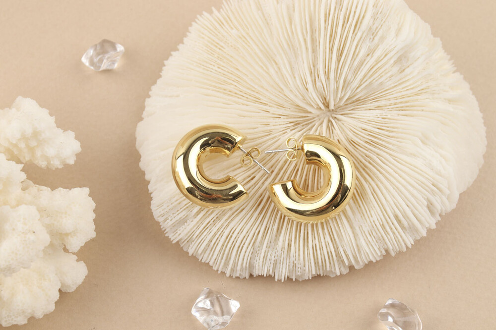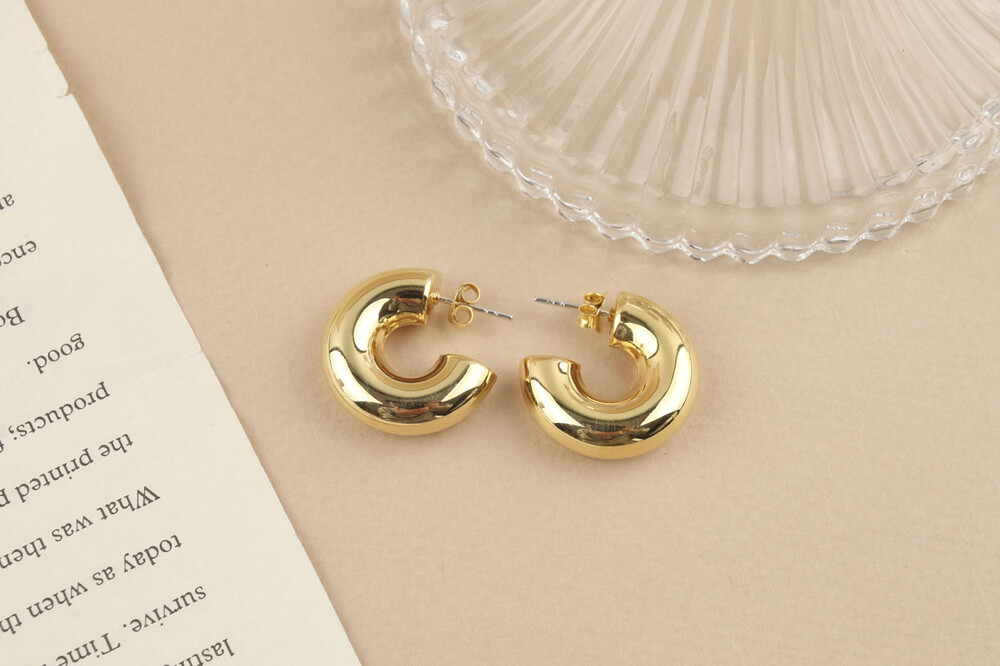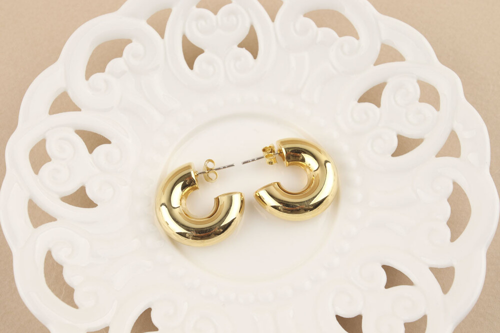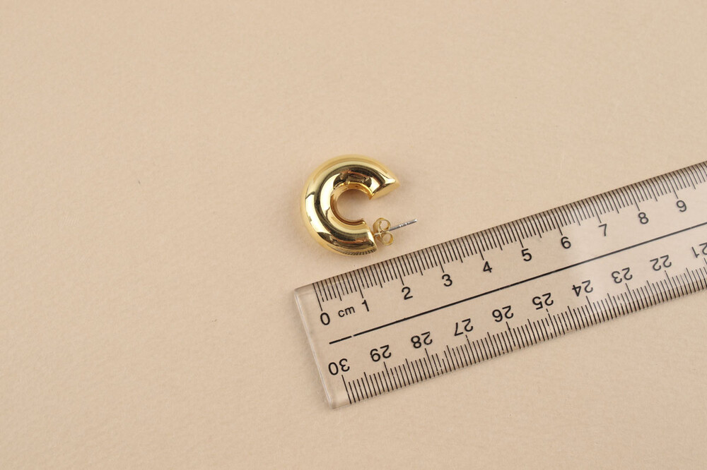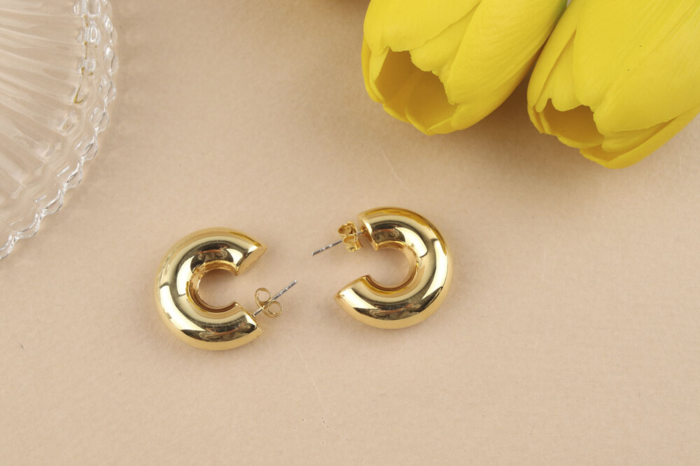100688 Medium Chunky C-Hoop Gold-Plated Silver Earrings 8x25 mm
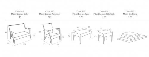 Комплект пластиковой плетеной мебели Miami Lounge изготовлен из прочного погодостойкого пластика, армированного стекловолокном.
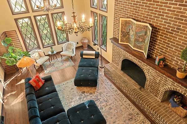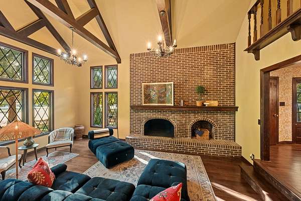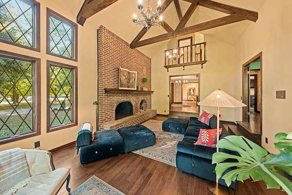 Storybook Tudor in the heart of Columbia. This beautifully reimagined 4 bedroom, 2.5 bath Tudor blends old world charm with fresh, thoughtful updates. Nestled on a corner lot within the city limits, this home offers space, privacy, and timeless architectural appeal--all within the Woodard Elementary school zone. A brick and half-timbered facade sets a storybook tone, leading into a warm interior with new hardwood floors, rich wood trim, and expansive windows that fill the home with natural light. The dramatic great room features exposed beams, a two-story brick fireplace and windows that frame the serene views of the property's mature trees. The kitchen retains it's vintage craftsmanship with solid wood cabinetry and modern updates that compliment the home's period character. Upstairs, the large bedrooms are perfect for family, guests, or office space. Outdoors, the wide-open acreage is perfect for gardening, recreation, or simply enjoying the park-like setting. With its distinctive design, beautifully preserved details, and in-town acreage, this property captures European-inspired charm--a true Columbia treasure.
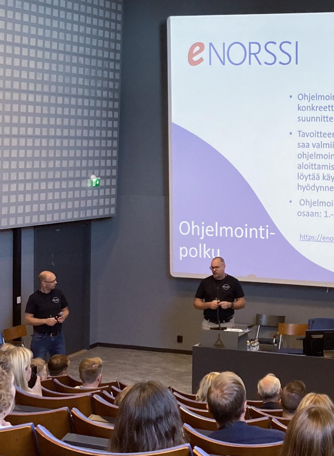 eNorssi-verkoston lehti 4/2022 Kuva: Sanna Isopahkala Tutkiva opettaja -tapahtuma Tampereella kasvatustieteen päiville Ouluun Nostalgiamatka Norsseissa koodataan! Norssien uusi tohtori: Merja Kuisma inkluusion puolesta Rummutusta
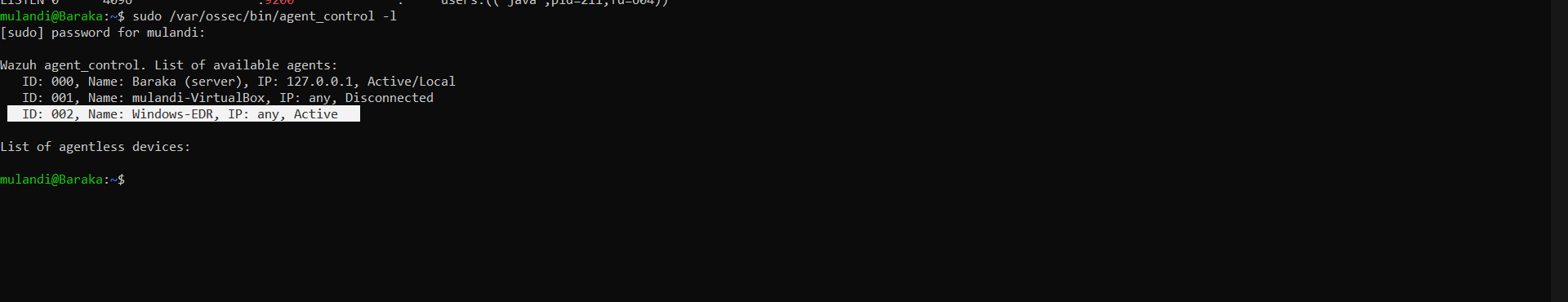 sudo /var/ossec/bin/agent_control -i 001
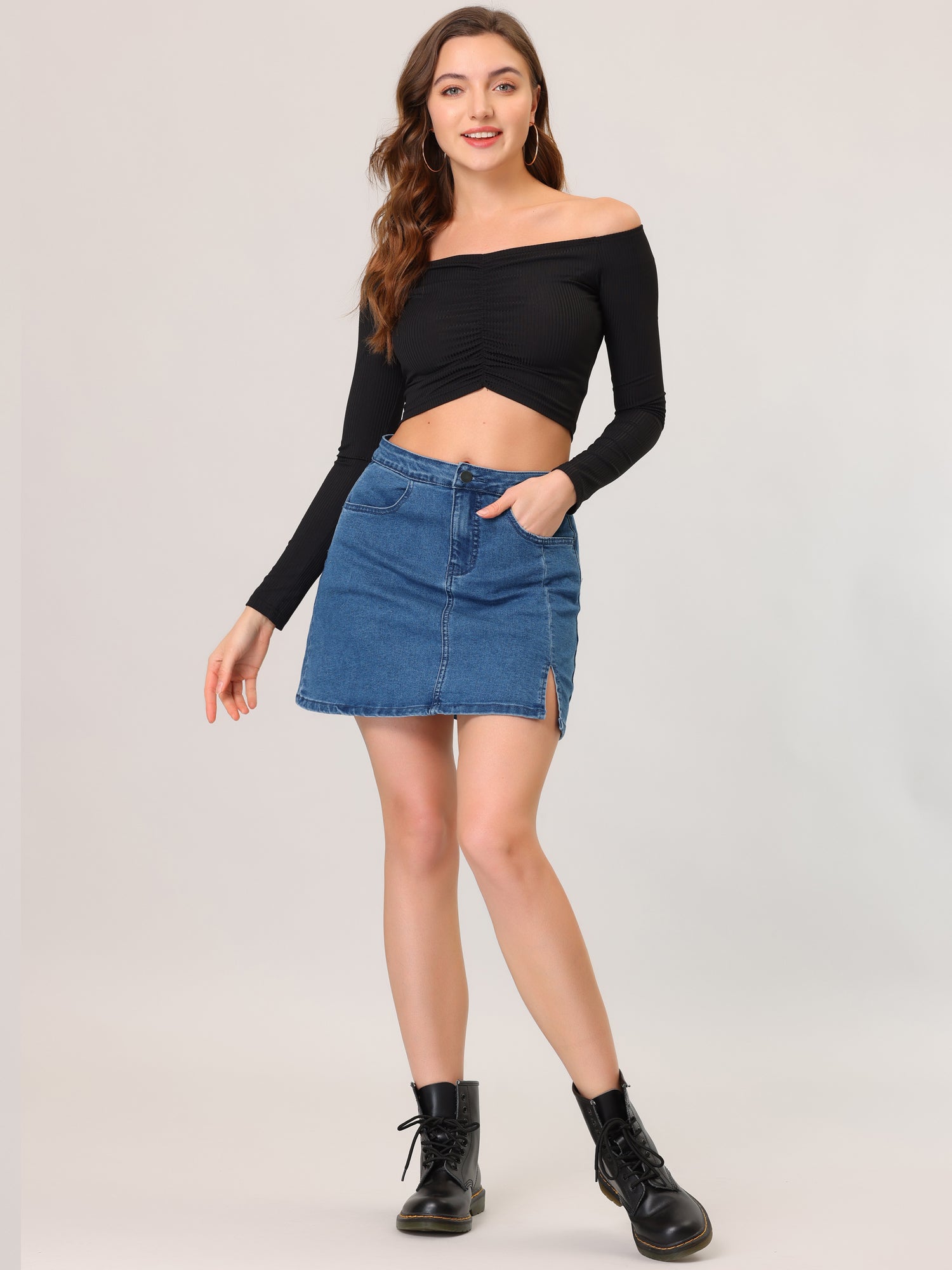 Falda vaquera de cintura alta para mujer, con abertura lateral, informal, elástica, corta, minifalda vaquera

+--

Starting from the first line of the listing above, write out every line exactly through the one containing "Комплект пластиковой плетеной", and drop the pictures.

◆ Task answer ◆
100688 Medium Chunky C-Hoop Gold-Plated Silver Earrings 8x25 mm
 Комплект пластиковой плетеной мебели Miami Lounge изготовлен из прочного погодостойкого пластика, армированного стекловолокном.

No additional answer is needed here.